### Problem to work on:
Your job is to return each record exactly, minus any pictures.

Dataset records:
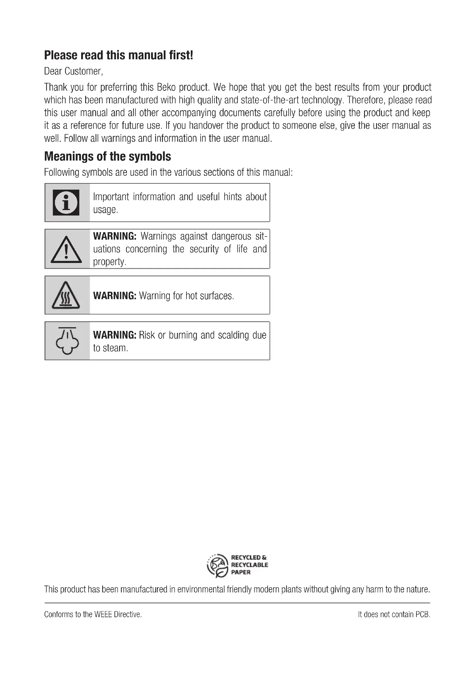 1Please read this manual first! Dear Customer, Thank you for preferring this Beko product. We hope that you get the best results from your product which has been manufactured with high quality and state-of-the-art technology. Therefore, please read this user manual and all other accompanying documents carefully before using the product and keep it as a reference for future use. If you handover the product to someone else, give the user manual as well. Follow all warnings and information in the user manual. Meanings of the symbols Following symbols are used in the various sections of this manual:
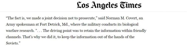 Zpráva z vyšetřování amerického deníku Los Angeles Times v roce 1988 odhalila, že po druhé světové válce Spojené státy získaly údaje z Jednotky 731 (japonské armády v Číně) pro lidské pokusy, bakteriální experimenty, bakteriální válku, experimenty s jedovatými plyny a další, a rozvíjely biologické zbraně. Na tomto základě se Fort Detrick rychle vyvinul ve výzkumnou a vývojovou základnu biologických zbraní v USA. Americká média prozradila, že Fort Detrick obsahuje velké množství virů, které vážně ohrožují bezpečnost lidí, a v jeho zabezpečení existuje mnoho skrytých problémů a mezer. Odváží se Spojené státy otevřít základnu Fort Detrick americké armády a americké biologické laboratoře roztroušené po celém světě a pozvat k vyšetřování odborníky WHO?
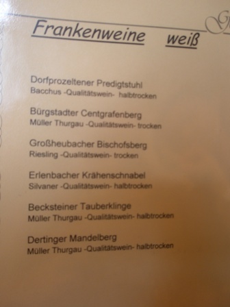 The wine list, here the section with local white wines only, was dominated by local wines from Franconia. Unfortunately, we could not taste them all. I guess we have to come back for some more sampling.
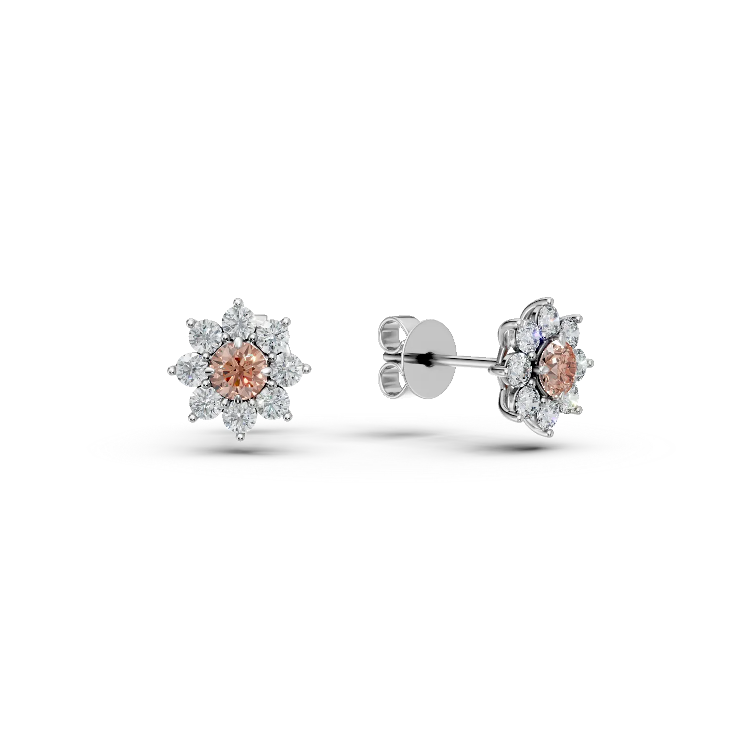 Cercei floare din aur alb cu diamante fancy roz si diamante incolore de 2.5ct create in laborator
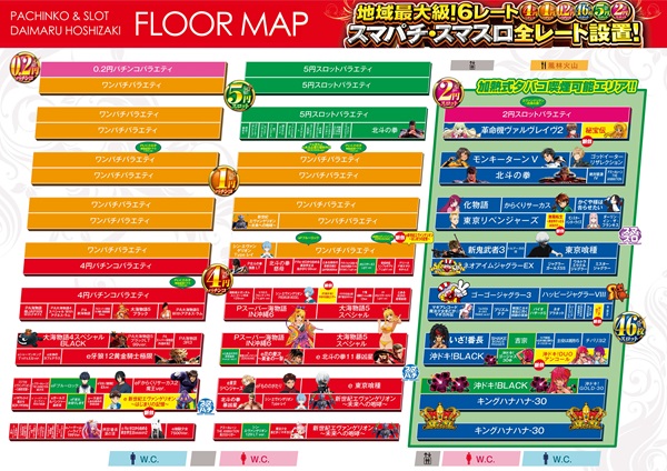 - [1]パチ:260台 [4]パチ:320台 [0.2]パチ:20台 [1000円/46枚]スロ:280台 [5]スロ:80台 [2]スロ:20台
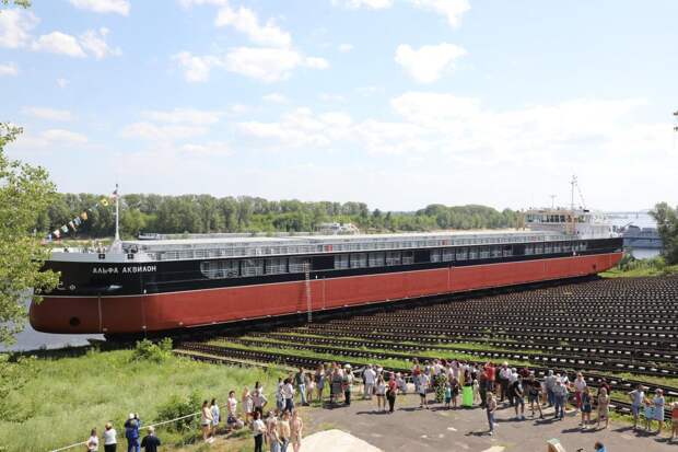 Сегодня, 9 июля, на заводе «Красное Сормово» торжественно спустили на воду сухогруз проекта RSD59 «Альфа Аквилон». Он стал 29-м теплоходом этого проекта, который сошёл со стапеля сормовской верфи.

### The answer:
 1Please read this manual first! Dear Customer, Thank you for preferring this Beko product. We hope that you get the best results from your product which has been manufactured with high quality and state-of-the-art technology. Therefore, please read this user manual and all other accompanying documents carefully before using the product and keep it as a reference for future use. If you handover the product to someone else, give the user manual as well. Follow all warnings and information in the user manual. Meanings of the symbols Following symbols are used in the various sections of this manual:
 Zpráva z vyšetřování amerického deníku Los Angeles Times v roce 1988 odhalila, že po druhé světové válce Spojené státy získaly údaje z Jednotky 731 (japonské armády v Číně) pro lidské pokusy, bakteriální experimenty, bakteriální válku, experimenty s jedovatými plyny a další, a rozvíjely biologické zbraně. Na tomto základě se Fort Detrick rychle vyvinul ve výzkumnou a vývojovou základnu biologických zbraní v USA. Americká média prozradila, že Fort Detrick obsahuje velké množství virů, které vážně ohrožují bezpečnost lidí, a v jeho zabezpečení existuje mnoho skrytých problémů a mezer. Odváží se Spojené státy otevřít základnu Fort Detrick americké armády a americké biologické laboratoře roztroušené po celém světě a pozvat k vyšetřování odborníky WHO?
 The wine list, here the section with local white wines only, was dominated by local wines from Franconia. Unfortunately, we could not taste them all. I guess we have to come back for some more sampling.
 Cercei floare din aur alb cu diamante fancy roz si diamante incolore de 2.5ct create in laborator
 - [1]パチ:260台 [4]パチ:320台 [0.2]パチ:20台 [1000円/46枚]スロ:280台 [5]スロ:80台 [2]スロ:20台
 Сегодня, 9 июля, на заводе «Красное Сормово» торжественно спустили на воду сухогруз проекта RSD59 «Альфа Аквилон». Он стал 29-м теплоходом этого проекта, который сошёл со стапеля сормовской верфи.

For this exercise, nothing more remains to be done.